[Start of Attachment]

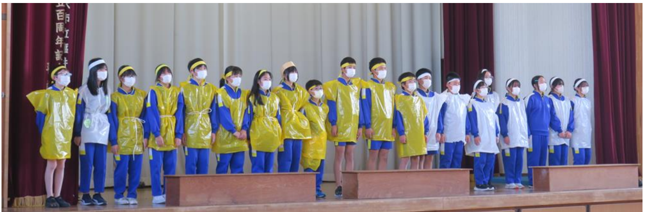
〈6年生の歌『ふるさと』 劇の内容にも合っていて、歌詞の言葉が胸に響きました〉

11月9日(水)に、学習発表会を実施しました。日頃の授業で学んだことを、詩、歌、劇、ダンス、運動技など、さまざまな方法で発表しました。各学年の持ち味が表れた見ごたえのある発表でした。発表を見ながら、4月からこれまで、各学年がどのような学習を積み重ねてきたのか思い出されました。そして、各学年の子ども達の成長を感じました。一生懸命に発表する子どもたちと、一生懸命に見ている子どもたち。その両方があったからこそ、素晴らしい学習発表会になったのだと感じました。学習発表会を通して、気づいたこと、感じたこと、学んだことを、これからの授業でも活かしてくれると思います。子どもたちへの温かい応援、ありがとうございました。
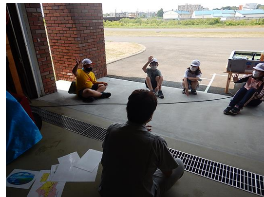
川の水はどこからくるの

[End of Attachment]

WHAT THIS TASK INVOLVES — Each line from the one with "11月9日(水)に、学習発表" to the end of the material needs to be output word for word, with no picture included.

ANSWER FOR THIS EXERCISE —
11月9日(水)に、学習発表会を実施しました。日頃の授業で学んだことを、詩、歌、劇、ダンス、運動技など、さまざまな方法で発表しました。各学年の持ち味が表れた見ごたえのある発表でした。発表を見ながら、4月からこれまで、各学年がどのような学習を積み重ねてきたのか思い出されました。そして、各学年の子ども達の成長を感じました。一生懸命に発表する子どもたちと、一生懸命に見ている子どもたち。その両方があったからこそ、素晴らしい学習発表会になったのだと感じました。学習発表会を通して、気づいたこと、感じたこと、学んだことを、これからの授業でも活かしてくれると思います。子どもたちへの温かい応援、ありがとうございました。
川の水はどこからくるの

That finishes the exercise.